PROMPT
In the entries that follow, the lines from the line containing "The MAS launched" up to and including the line containing "丸型ヘッドに綿紐3本。ブルー" must be copied exactly, with pictures omitted.

Data records
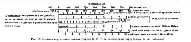 Для этого предлагаем взять извеснава рускава вчонава Рыбакова Б.А. и его известную книгу "Русские земли по карте Идриси 1154 года" Краткие сообщения Института истории материальной культуры. 1954. Вып. 43: скачать можно здесь: http://www.mediafire.com/view/?u0fe5404k5uu0wg
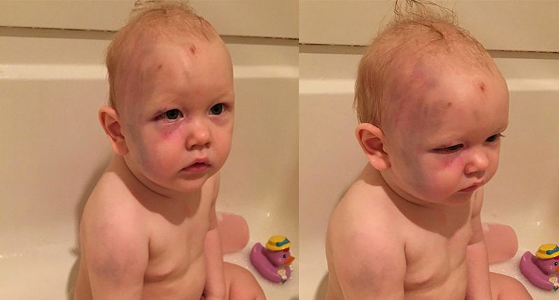 "The first thing I saw was a black eye," she said. "I thought maybe marker got on his face or something. When he turned over, his whole right side of his face — black and blue."
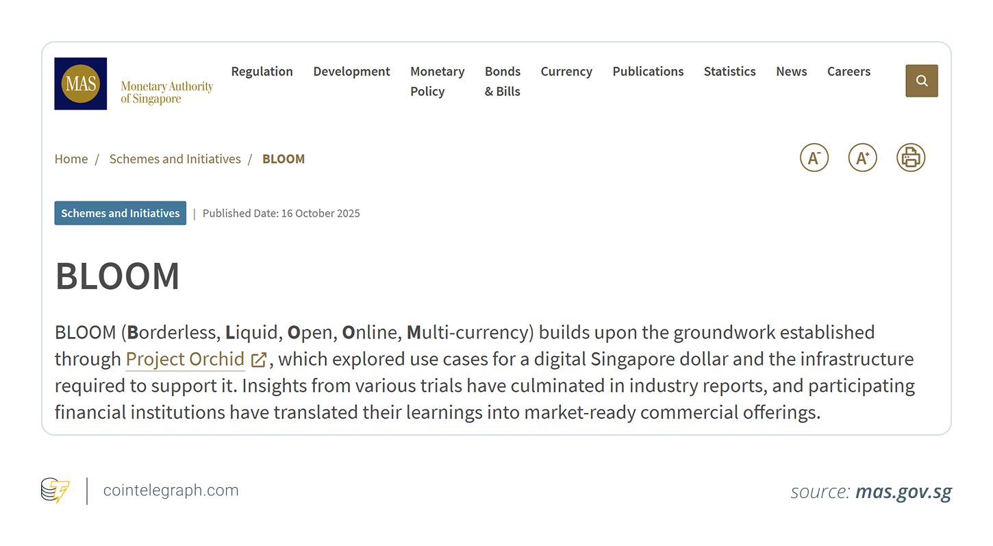 The MAS launched BLOOM in October 2025 to look at how tokenized cash might enhance settlement processes throughout borders and between establishments.
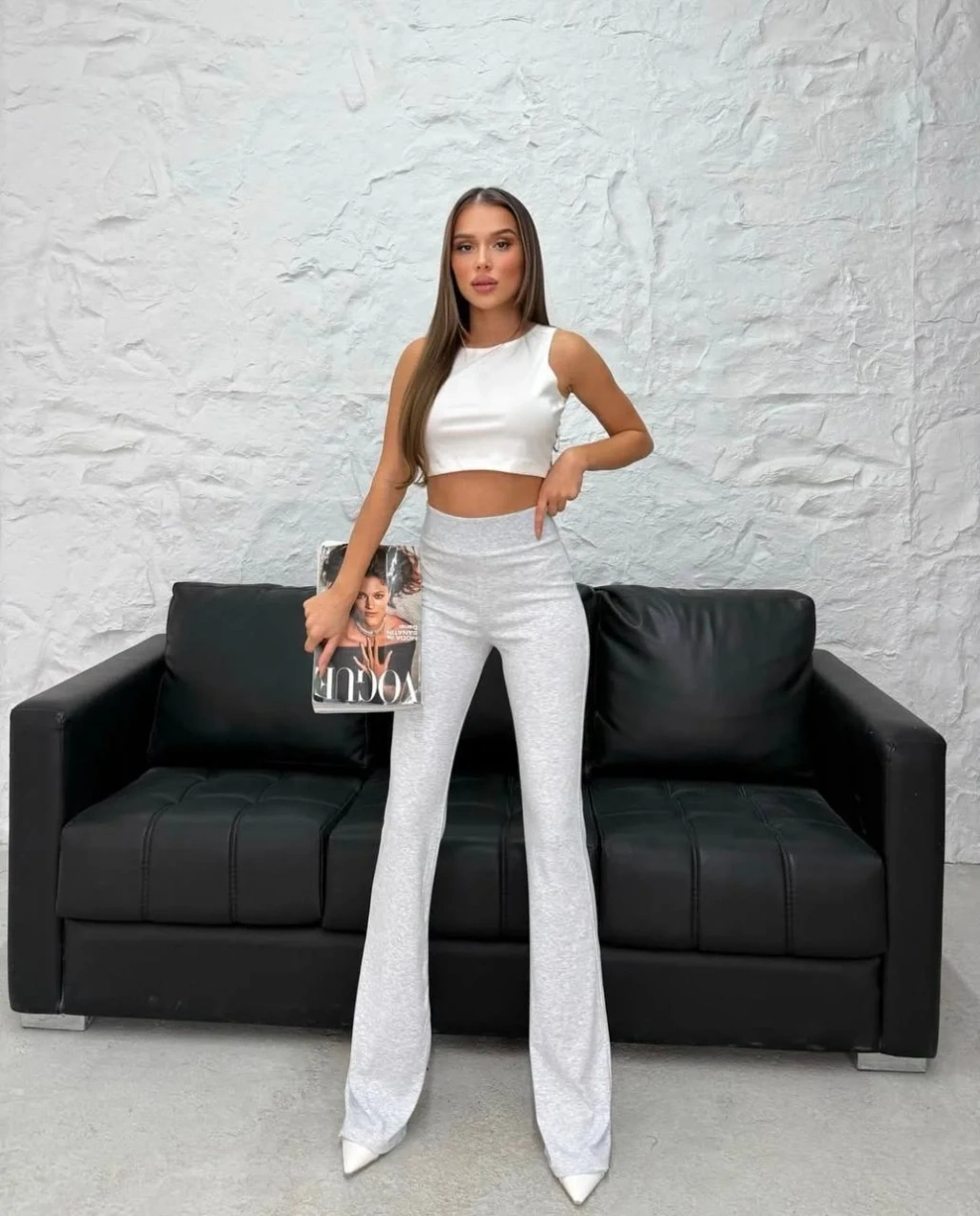 Modaskop Gri Beleze İspanyol Tayt, son moda tasarımı ile şıklığı ve rahatlığı bir araya getiriyor.
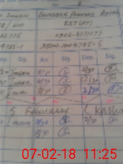 | CNIC | Full Name | Designation | R/C | Absence During Last Calender Month |
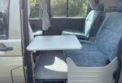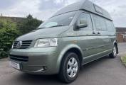 Here we have a grown ups version of a Vw campervan. This is a Vw T5 campervan conversion by Bilbos that has a high roof, so no crouching required, comes complete with onboard toilet and sink facilities, oven/ grill, fridge freezer and has been upgraded with a night heater that will also give you hot water from the tap.
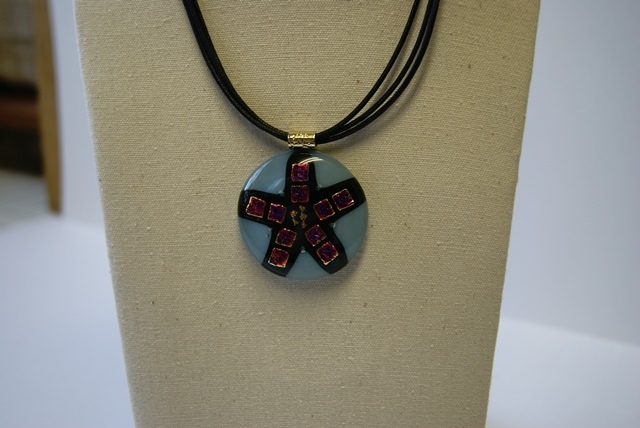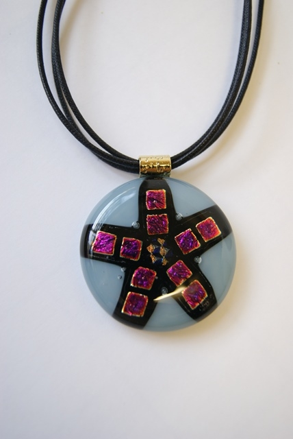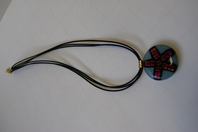 丸型ヘッドに綿紐3本。ブルーグレー地にルビー色を思わせるようなダイクロガラスで模様付け。大胆に華やかに装って頂きたいペンダント。
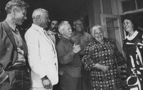 Съемочная группа картины «Они сражались за Родину» в гостях у Михаила Шолохова в Вешенской. «Шолохов перевернул меня. Он мне внушил не словами, а присутствием своим в Вешенской и в литературе, что нельзя торопиться, гоняться за рекордами в искусстве, что нужно искать тишину и спокойствие, где можно глубоко осмыслить судьбу народа…»
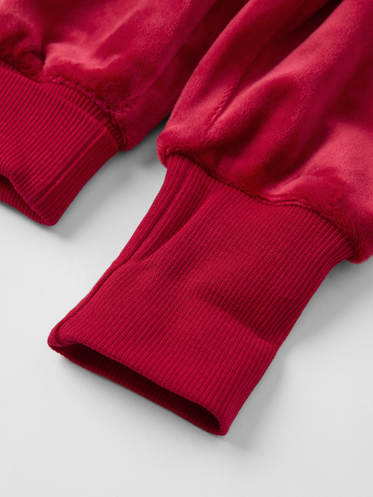 Myk og god velourbukse laget av resirkulert polyester – perfekt for små ben som vokser. Buksen har elastisk midje som kan reguleres med knapphullsstrikk. De ekstra lange vrangbordene nederst på bena kan brettes opp eller ned etter hvert som barnet vokser.
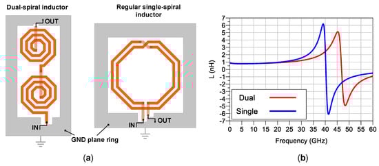 In order to achieve this relatively low cut-off frequency, spiral inductors having a large inductance value are required, which in turn leads to large physical size and low self-resonance frequency (SRF). To provide a compact layout and extend the SRF, the inductors for the HPF were implemented as series inductors with opposite winding. Figure 3a shows a representation of such a dual-spiral inductor together with a typical single-spiral inductor design, both at the same scale. To compare the two approaches, an electromagnetic (EM) simulation for both designs was performed. The inductors are designed to have the same inductance value while keeping the same design parameters in both cases, that is, the same metal layer configuration, trace width, trace spacing, distance to the ground plane ring, and ground ring width. The plot in Figure 3b shows that a higher SRF can be achieved with the dual-spiral configuration for a given inductance value, while featuring a more compact layout.
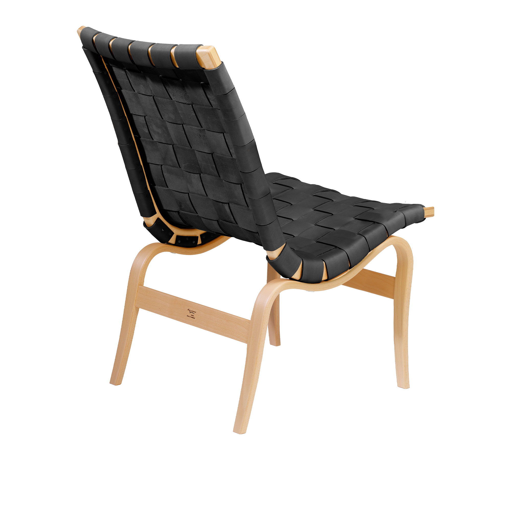 Bruno Mathsson International - Mi 471 Eva - Låg rygg utan armstöd - Klarlackad bok/Flätade läderremmar svart - Fåtöljer - Bruno Mathsson - Svart - Läder/Trä
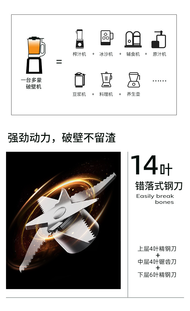 • 20날 스테인리스 스틸 칼날 (두유, 쌀가루, 과일 주스를 곱게 갈아 고기 다지기 및 분쇄 가능)
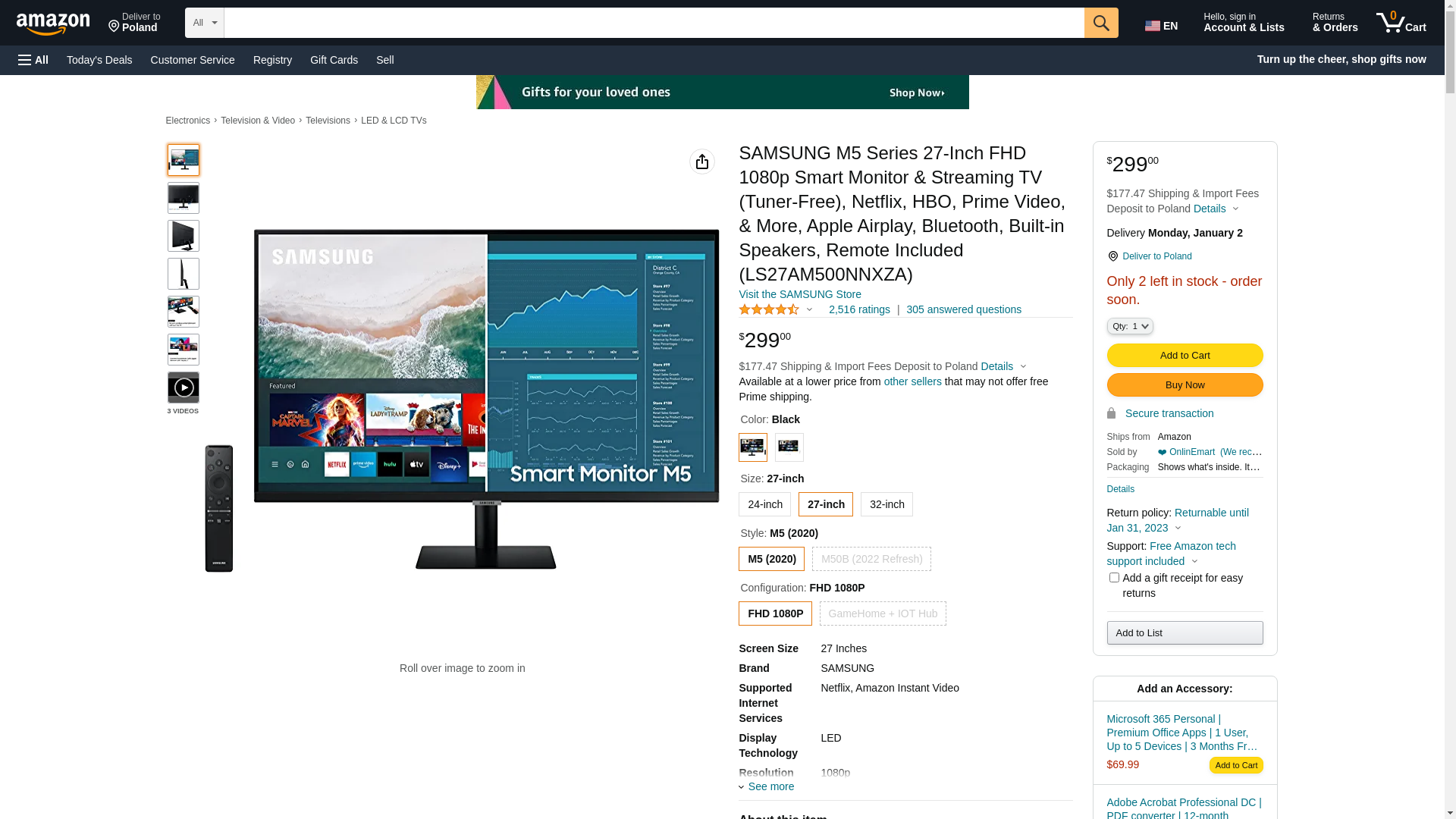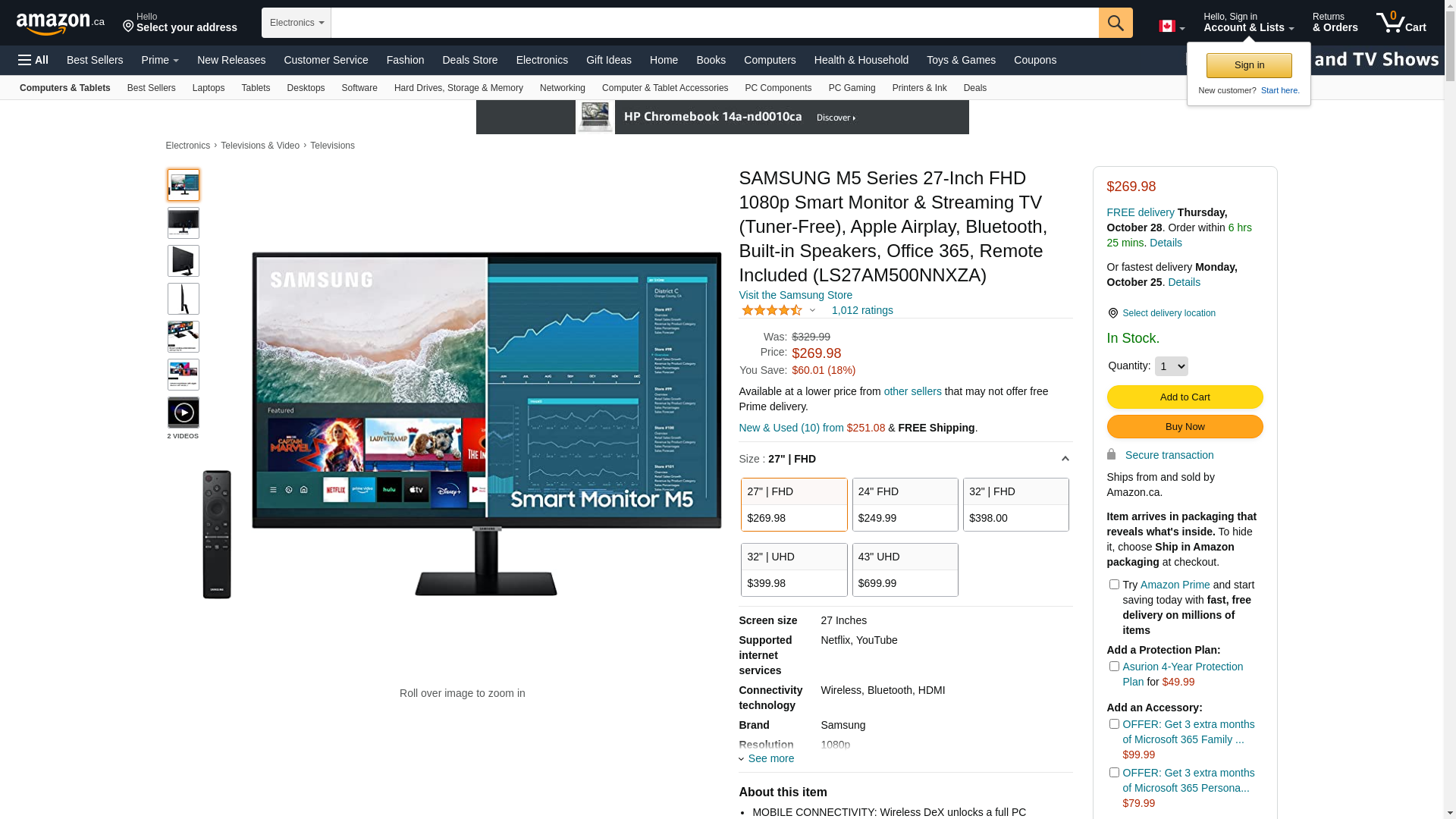 SAMSUNG M5 Series 27-Inch FHD 1080p Smart Monitor & Streaming TV (Tuner-Free), Netflix, HBO, Prime Video, & More, Apple Airplay, Bluetooth, Built-in Speakers, Remote Included (LS27AM500NNXZA)

EXERCISE OUTPUT
 The MAS launched BLOOM in October 2025 to look at how tokenized cash might enhance settlement processes throughout borders and between establishments.
 Modaskop Gri Beleze İspanyol Tayt, son moda tasarımı ile şıklığı ve rahatlığı bir araya getiriyor.
 | CNIC | Full Name | Designation | R/C | Absence During Last Calender Month |
 Here we have a grown ups version of a Vw campervan. This is a Vw T5 campervan conversion by Bilbos that has a high roof, so no crouching required, comes complete with onboard toilet and sink facilities, oven/ grill, fridge freezer and has been upgraded with a night heater that will also give you hot water from the tap.
 丸型ヘッドに綿紐3本。ブルーグレー地にルビー色を思わせるようなダイクロガラスで模様付け。大胆に華やかに装って頂きたいペンダント。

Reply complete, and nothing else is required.